Find the line with "3.表示されたAndroidのバージョンを確認する" in the entries below, then output every line from it down to the line with "Tasse à café", exactly and with no pictures.

Extracted records
╔══
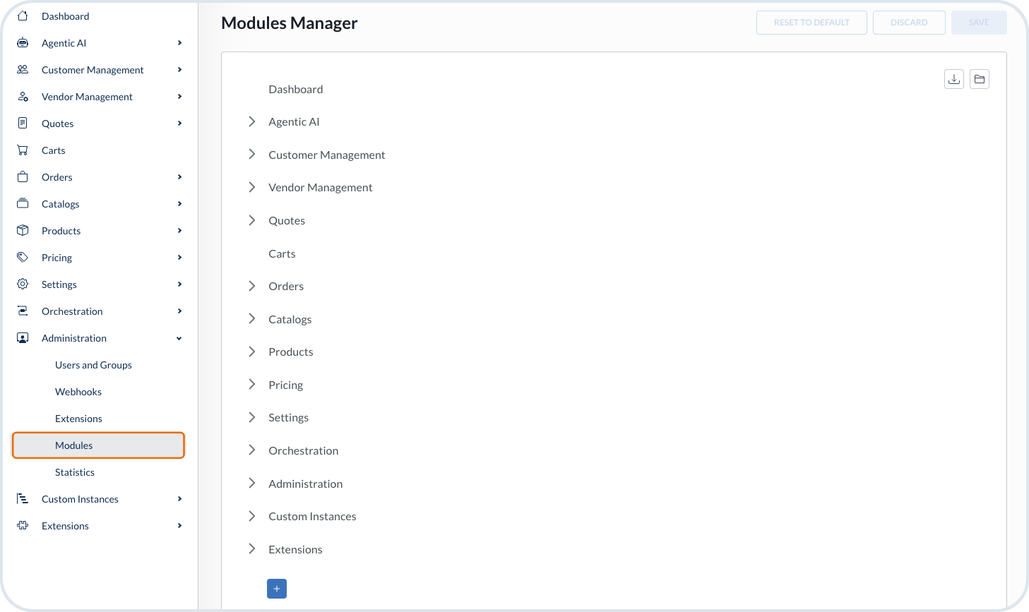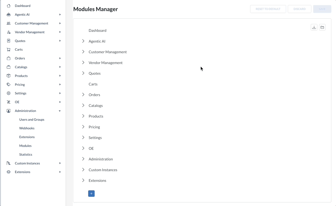 The **Modules Manager** section is the steering panel allowing you to adjust and customize the Management Dashboard navigation menu. Here, you can find different options to organize the Management Dashboard in a way it triggers full efficiency for your team and add customizations that adhere to your solution and style of working. The modules navigation structure takes effect for all tenant users.
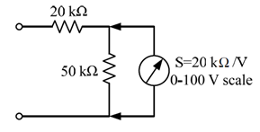 1. 一直流伏特計的靈敏度為20kΩ/V,用0-100V檔測量圖中跨於50kΩ的電壓,請計算電表指示的百分比誤差。
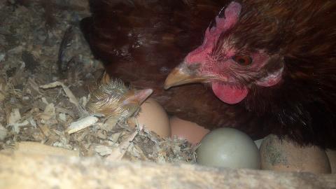 well a baby chick died then another hatched and one is oh most out right now and another is pecking the shell to get out these ones i have in my room no bator nothing and one hatched and another is hatching no broody just me doing all the work so 5 out of 8 eggs but two eggs broke so thats a good hatch for my first time and im doing most of the work
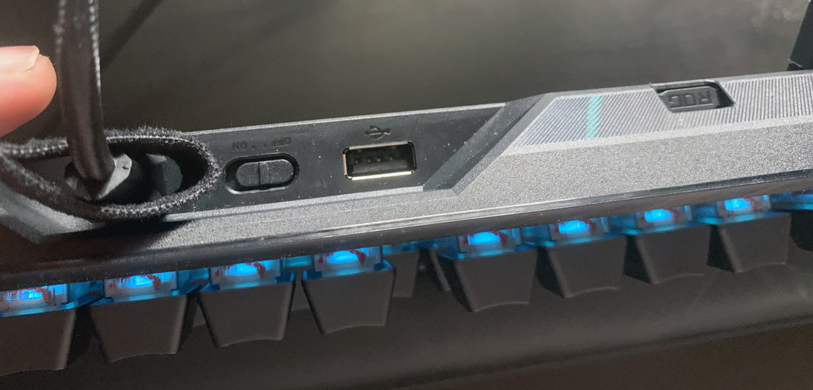 När det väl är ur kartongen så kan jag börja testet. Det som direkt är intressant är att Num-paden går att ta loss från tangentbordet och du kan välja att ha det inkopplad på vänster eller höger sida. Eller om du hellre vill minska ned storleken på ditt tangentbord kan du helt enkelt plocka bort Num-paden. Sen gillar jag verkligen att jag kan använda ROG Claymore II både trådat (med en snyggt flätat sladd som inte trasslar sig) och trådlöst. När Tangentbordet är fulladdat så räcker det inbyggda batteriet i upp till 47 timmar om om du har RGB-belysningen tänd (runt 60 utan). Du kan lätt se genom en indikator på tangentbordet hur mycket batteri du har kvar.
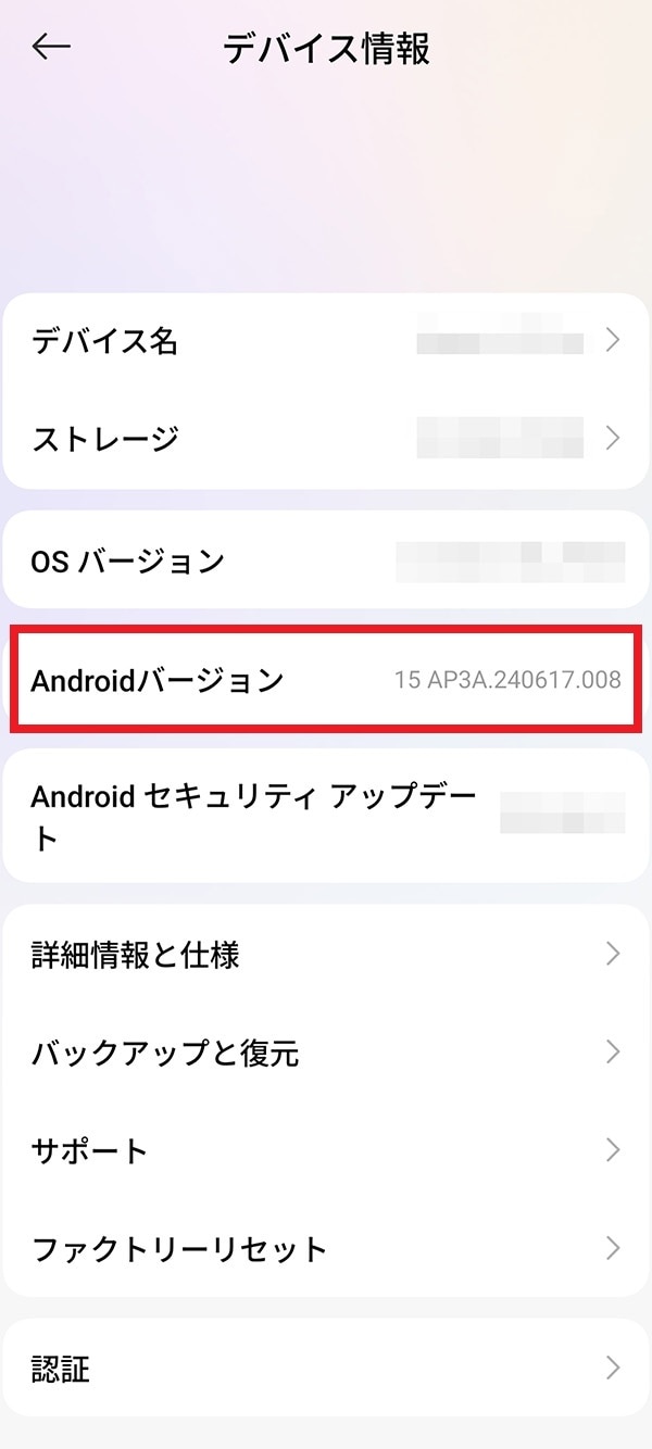 3.表示されたAndroidのバージョンを確認する
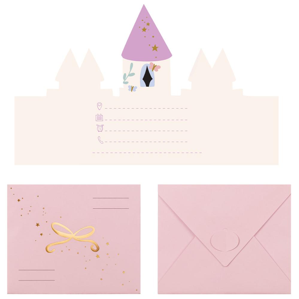 Kutsukortti Linna 6-kpl sisältää kuusi taitettavaa kutsukorttia vaaleanroosilla kirjekuorilla ja kuvituksena vaalean roosan sävyisen linnan, jota koristavat perhoset, kasvit ja kimalteleva kullanvärinen rusetti. Linnaa koristaa kolme laventeliroosaa tornia, joissa on kimaltelevia kullanvärisiä tähtiä. Jokaisessa kortissa on kentät paikalle, päivämäärälle, kellonajalle, puhelinnumerolle ja muille tiedoille.
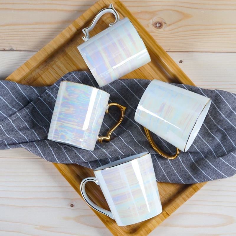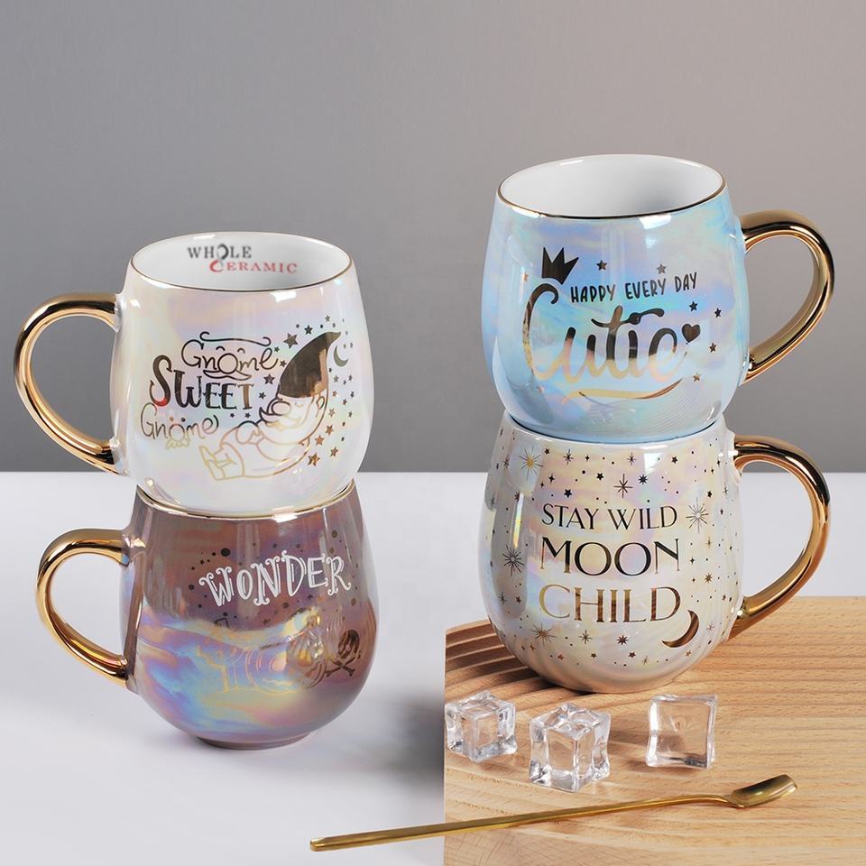 Tasse à café et thé en céramique émaillée de perles colorées assorties personnalisées en gros d'usine avec poignée en or plaqué bureau à domicile utilisé
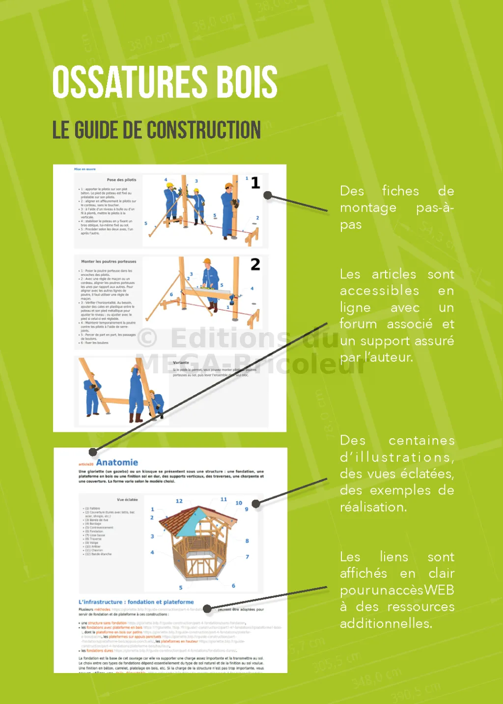 Pour construire un abri qui tient debout pour longtemps, il faut réaliser une conception de structure dans les règles de l’art. Il n’y a pas de place pour l’improvisation. Ce guide vous permettra de déterminer tous les éléments constructifs (section, portée, assemblages, etc.) comme un professionnel mais selon une méthode accessible pour tout à chacun : ossature des murs, charpente et toiture, escalier, revêtement mural extérieur, etc. De nombreux conseils de Mise en œuvre, des trucs et astuces de pros y sont dévoilés.
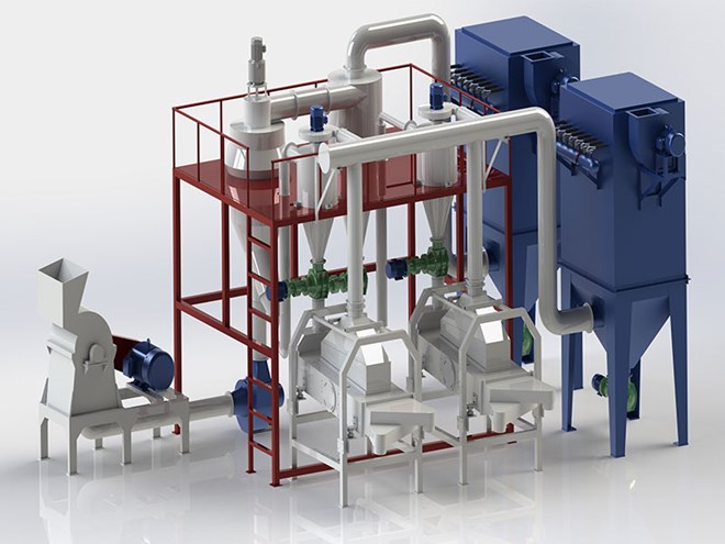 電池由輸送機送入一級撕碎機中進行撕碎,撕碎后的物料通過輸送機送入二級多刀破碎機中進行第二次破碎,二次破碎后的物料進入到輸送機中同時設(shè)置磁選設(shè)備,可以將物料中的鐵分選出來。分選后的物料經(jīng)輸送機送入氣流分選機,通過引風(fēng)機和旋風(fēng)下料器把正負極中的隔膜紙分離出來,把分選后的正負極片進入到三級粉碎機中進行細碎,將物料粉碎到20目左右。粉碎后的物料由負壓系統(tǒng)進入到旋風(fēng)分離器中進行粉塵過濾,并通過兩次氣流分選,使不同密度的物質(zhì)進行分層,然后得到正負極材料與銅、鋁、鎳等材料,而所有的超細粉塵由負壓系統(tǒng)帶入脈沖除塵器中進行收集。而過濾得到的尾氣將繼續(xù)由負壓系統(tǒng)送入到尾氣處理設(shè)備中進行空氣凈化,使之達到國家排放標(biāo)準(zhǔn)后再進行高空排放。
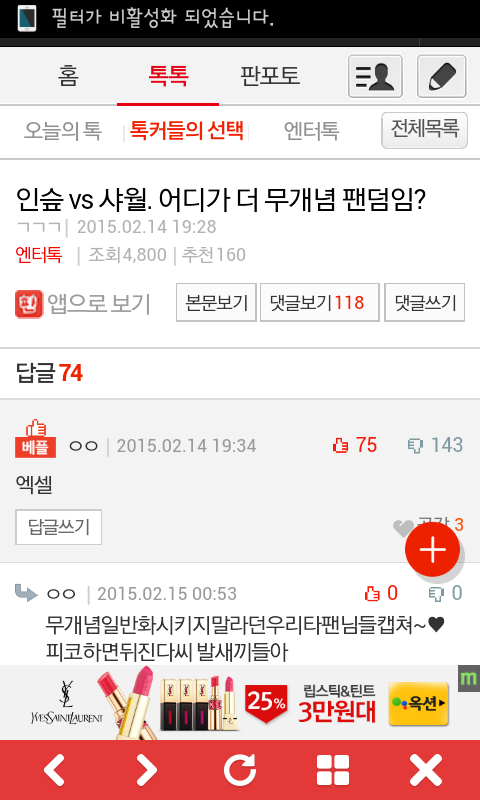 사실 무개념이 한분도없으신 다른팬덤분들이시지만 ㅎ~ 어떻게된일인지 추천수가 꽤 보여요! 하하 일반화시킨다고 욕할거죠? 네네 ㅎㅎ~
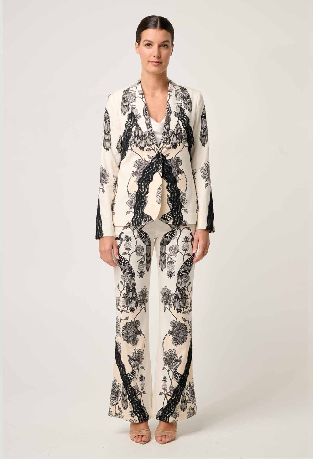 Finished with a sharp lapel, single-button front closure, and softly padded shoulders, this blazer is designed to command attention—whether styled as a powerful co-ord with the matching Leandro Stretch Pant, or layered over a silk camisole and denim for a modern twist.
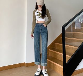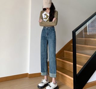 Women’s High Waist Loose Denim Jeans Fashionable Long Pants
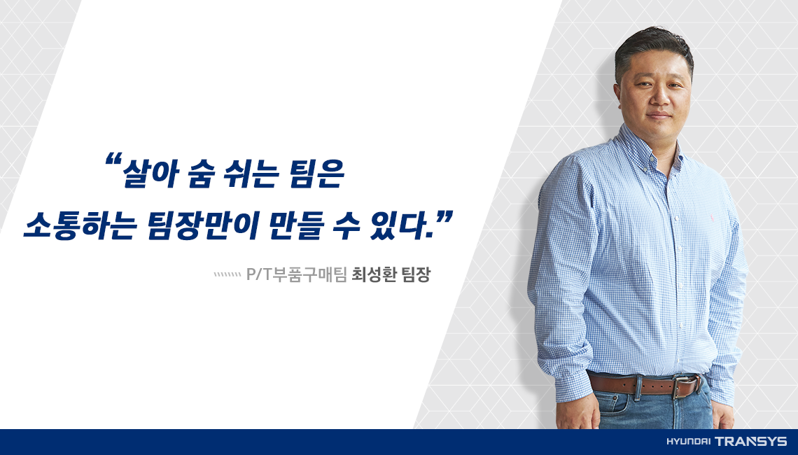 어려운 시기임에도 불구하고 회사의 정상화를 위해 두 발로 뛰는 이들이 있기에 현대트랜시스는 오늘도 내일도 계속해서 나아갈 수 있습니다. ‘워킹 해피투게더’를 외치며 오늘도 팀원들과 함께 열심히 뛰고 있을 구매본부 팀장님들을 응원합니다.
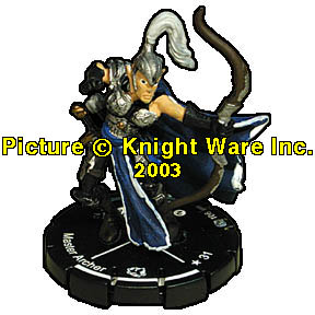 | NAME: Master Archer RANK: Weak FRQ: 3 FACTION: Elven Lords SUB FACTION: None FIG#: 106 FIG COST: 31 SPEED TYPE: Boot ATTACK TYPE: Bow ATTACK BONUS: 2 DEFENSE TYPE: Shield DAMAGE TYPE: Starburst RANGE: 12 (1 Target) RANGE DAMAGE: 2 FRONT ARC: 90 |
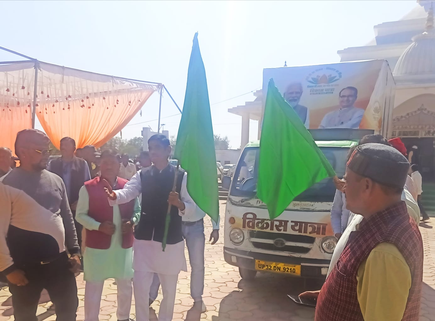 मैहर- विकास यात्रा के रथ को हरी झंडी दिखाकर पूर्व विधायक मोतीलाल तिवारी, प्रदेश कार्यसमिति सदस्य श्रीकांत चतुर्वेदी ने रवाना किया इस कार्यक्रम में पूर्व मंडल अध्यक्ष सत्यभान पटेल किसान मोर्चा के जिला उपाध्यक्ष राजा पांडेय विकाश तिवारी एवम अन्य लोग उपस्थित रहे.
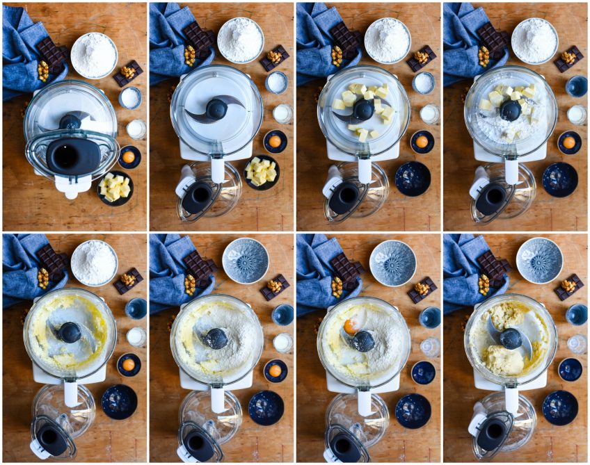 - Next make the pastry. Place the flour and butter in the food processor and gently mix until it resembles breadcrumbs.
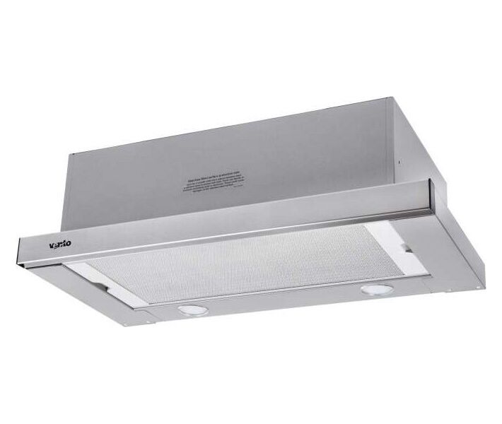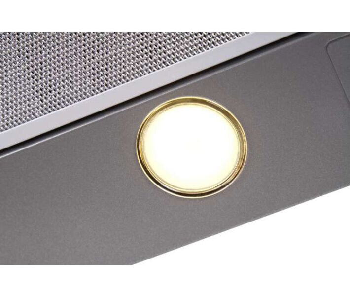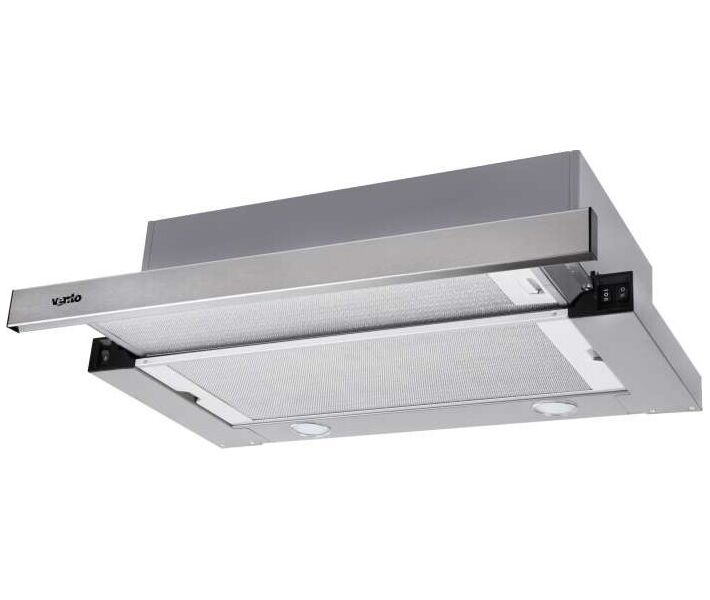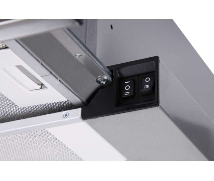 - Модель розроблена для установки в меблі з шириною корпусу 60 см. - Фасад і корпус витяжки виготовлені з нержавіючої сталі. - Потужність двигуна 750 м.куб, він може працювати на одній з 3 швидкостей. - Кнопки реалізовані у вигляді перемикачів, вони знаходяться відразу за висувною планкою. - Режим очищення повітря в приміщенні - відведення. - Для освітлення робочої зони витяжка оснащена сучасними світильниками з технологією SMD LED - 2 лампи типу Gu 10 LED * 3w. - Витяжка поставляється з встановленим зворотним клапаном, двома алюмінієвими фільтрами. Також в комплекті присутні кріплення, гарантія та інструкція.
╚══
Task response:
 3.表示されたAndroidのバージョンを確認する
 Kutsukortti Linna 6-kpl sisältää kuusi taitettavaa kutsukorttia vaaleanroosilla kirjekuorilla ja kuvituksena vaalean roosan sävyisen linnan, jota koristavat perhoset, kasvit ja kimalteleva kullanvärinen rusetti. Linnaa koristaa kolme laventeliroosaa tornia, joissa on kimaltelevia kullanvärisiä tähtiä. Jokaisessa kortissa on kentät paikalle, päivämäärälle, kellonajalle, puhelinnumerolle ja muille tiedoille.
 Tasse à café et thé en céramique émaillée de perles colorées assorties personnalisées en gros d'usine avec poignée en or plaqué bureau à domicile utilisé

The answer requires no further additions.